Postby jbmia » Wed Jul 20, 2011 7:20 am

This follows up another thread I posted about a week or so back regarding greyhole.log spinning up too large such that I would run of space on my 20g system partition in just hours.. the greyhole.log file would get up to 8g inside an hour.. I'd delete it and it would rebuild...

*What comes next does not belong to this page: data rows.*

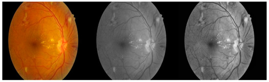 To improve the image contrast, one of the standard techniques used is HE [24]. Fuzzy image enhancement is the technique to produce an image of more sophisticated divergence than the original image. High-resolution fundus images are hard to interpret, so pre-processing of the image is required to improve the image’s excellence. The main advantage of pre-processing is to classify the input image effectively. We applied fuzzy image processing to convert the color image to the grayscale image and to proceed further. For better visualization and detection of the red lesion for medical images, a technique called FC-CLAHE [25] was used, and the fuzzy logic contrast enhancement technique helped to improve the retina image in the proposed model. The pre-processing phase of the retina image is shown in Figure 4.
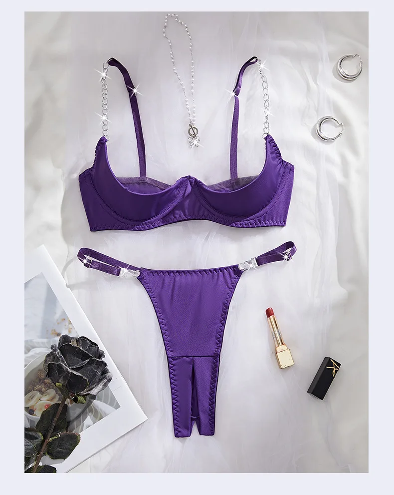 2026 New Arrival Exquisite Chain-Adorned Sexy Bra Set with Thong Crotch Tempting Lingerie for Women - Comfortable and Versatile
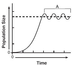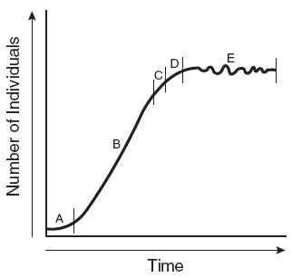 The graph below indicates the size of a fish population over a period of time. The section of the graph labeled A represents

This occurred after I move a large amount of files from a backed up system drive from another machine into my pool and also installed a new 2Tb drive into the system. The system is composed of 9 total drives and about 8Tb.

I solve the greyhole.log problem by created a cronjob to rotate the log initially every 15 minutes and then tuned it down to every half hour. This seemed to solve the problem. I now have plenty of free gb on the partition.

I'm now experiencing other issues. The first symptoms was the inability to access shares... the next symptoms was the inability to bring up the hda page...

Code: Select all

The application has found an error. You will be forwarded shortly.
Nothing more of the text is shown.